I recently refactored the code to be more generally useful, and created a jQuery plugin wrapper that enables it to be used using the jQuery selectors and AJAX functionality.

It has uses beyond autocomplete, of course; any AJAXian updatable areas could use it.

Pros and cons are:

  • Keeps the template HTML in the same file as everything else; this can be a pro if the area is specific to a certain page or you are using a "master page" or "header / footer includes" style design, and a con if the template is to be used in several places. In that case you are probably better off with a server-side templating system to generate the HTML and dumping that in using the jQuery native functions.
  • Allows lightweight data transfer; instead of returning all of the HTML you can just return a JSON dataset.

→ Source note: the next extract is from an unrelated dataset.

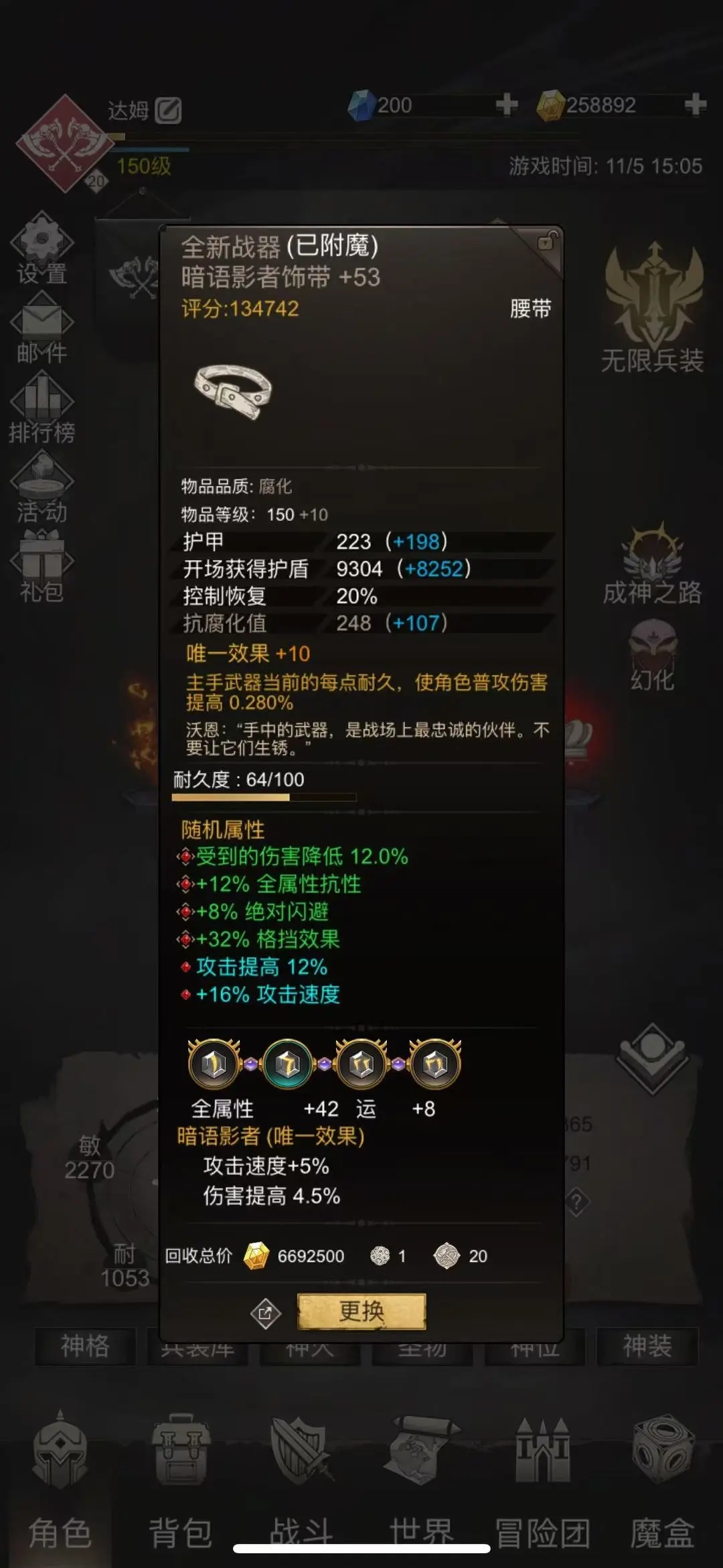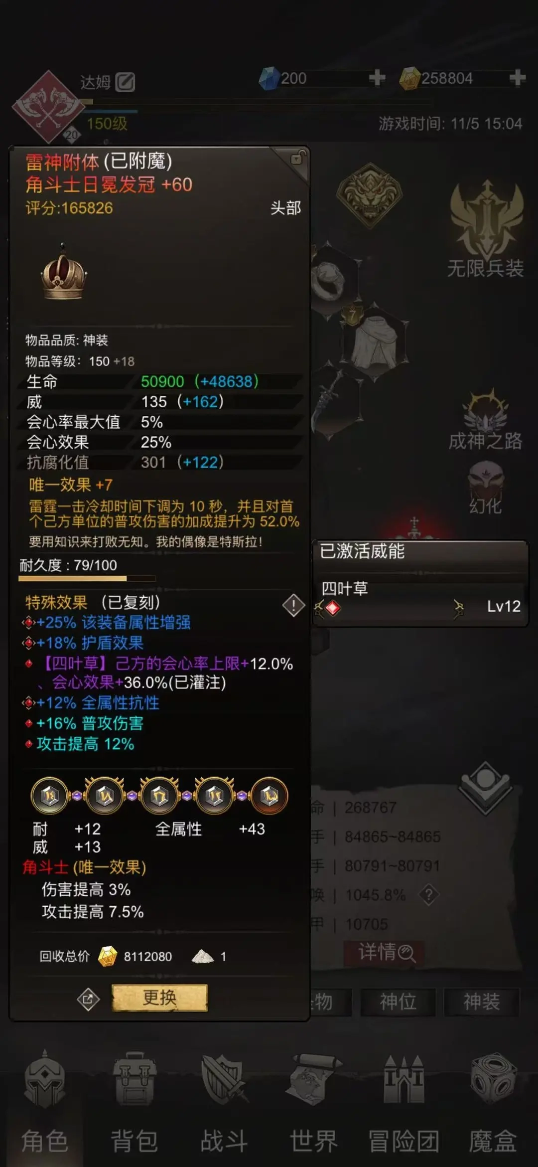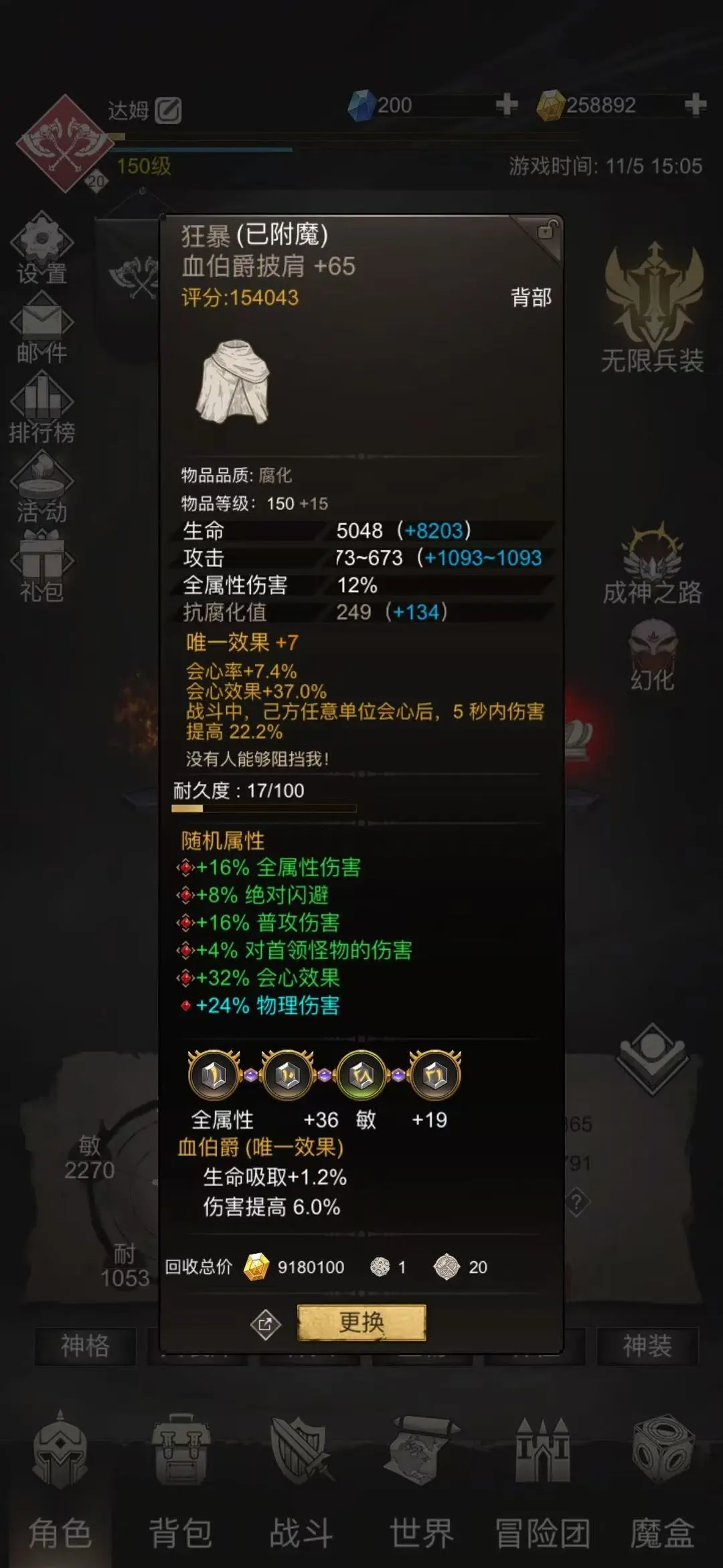 第五阶段会比前面轻松不少,毕竟第四阶段结束后已经拿到双套装,加上前四阶段在其他各方面的积累。这个阶段的核心任务是查漏补缺,进一步强化阵容:副职业要把暴走、时光穿梭、黑龙这类关键技能拿到手;词缀没满的话继续收集;装备持续更换成更强力的;武器等级也得接着提升。等打到最终BOSS关卡,如果本体坦度不够,就带双前排阵容;要是本体够硬,直接搭配暴走+时光穿梭/黑龙的组合,一波就能带走BOSS,顺利结束。
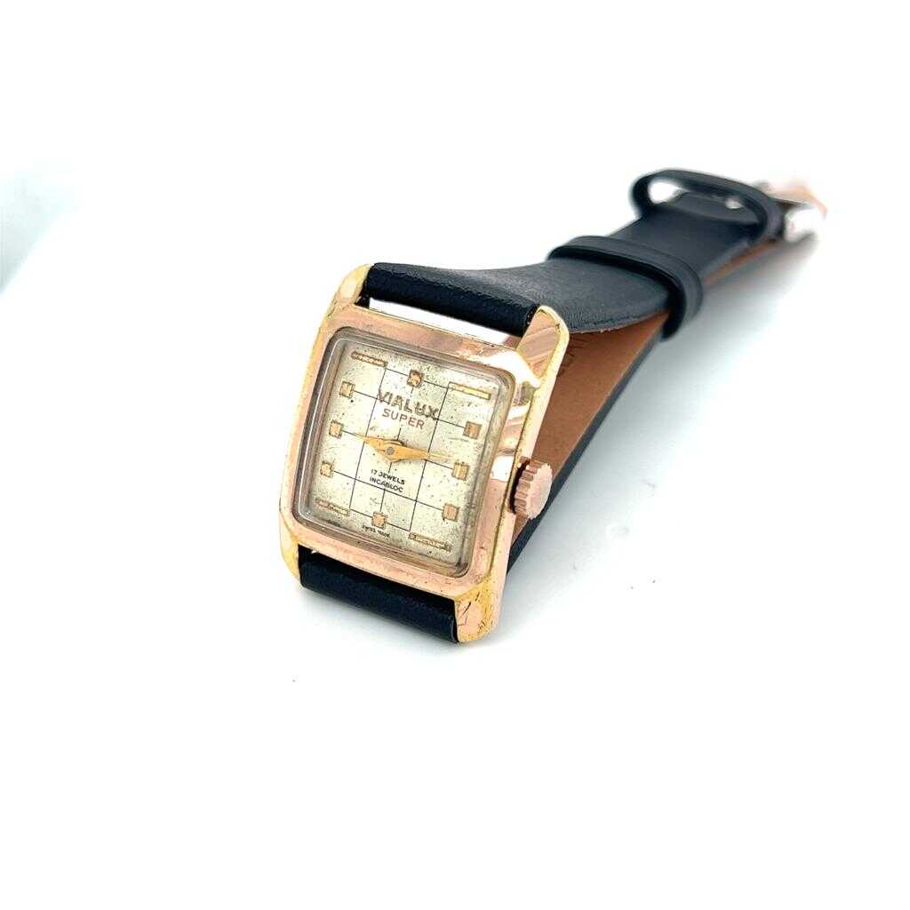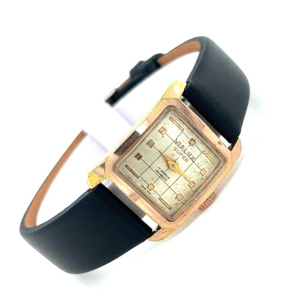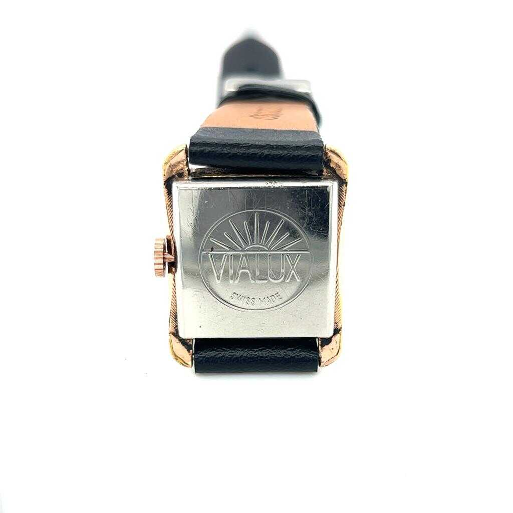 Vintage Vialux marka kurmalı bayan kol saati. Altın kaplama kasasıyla zarif ve klasik bir tasarıma sahiptir. Saatin bakımları yapılmış olup aktif ve sorunsuz çalışır durumdadır. Yeni gerçek deri kordon takılmıştır. Koleksiyonluk ve günlük kullanım için şık bir parçadır.

The basic template code and the jQuery wrapper can be downloaded from the links below:

Usage:

First of all, you need a datasource, which will be an array of objects, for example:

[
 {id:1, name:'Alice'},
 {id:2, name:'Bob'},
 {id:3, name:'Carol'}
]

Then, you need to set up the template:

<ul id="testTemplate">
    <li class="@ItemClass">@Text</li>
</ul>

Note the SQL style variable placeholders. When the template is created with the ID of the <ul> element the <li> will be cleared. It is then reproduced for every item in the data array.

Note: EVERYTHING contained within the template element is treated as the data row, so you can have very complex repeating templates; as a very simple example you could have two list items for every data item should you want to. This is more useful for creating table based templates.

The actual call to populate the template looks like this:

// Call using local data and the simple unwrappered template code
var template = new HTemplates.Template('testTemplate');
template.populate(data);

// Call using the jQuery wrapper and an AJAX data source
$('#testTemplate').hTemplate();     
$('#testTemplate').hTemplate().populate(data);

You can download an example page plus an example JSON datasource from the links below:


Note: You will need the jQuery framework; it has been tested with 1.4. You will also need to change the script paths to match your setup.

The jQuery plugin is the first time I have looked at jQuery; I'm not 100% sure this is the best way to create a plugin; the hTemplate().populate() call looks odd to me. Also there is probably a better way of JSON parsing that is less fragile than my check-for-open-bracket-then-eval() method.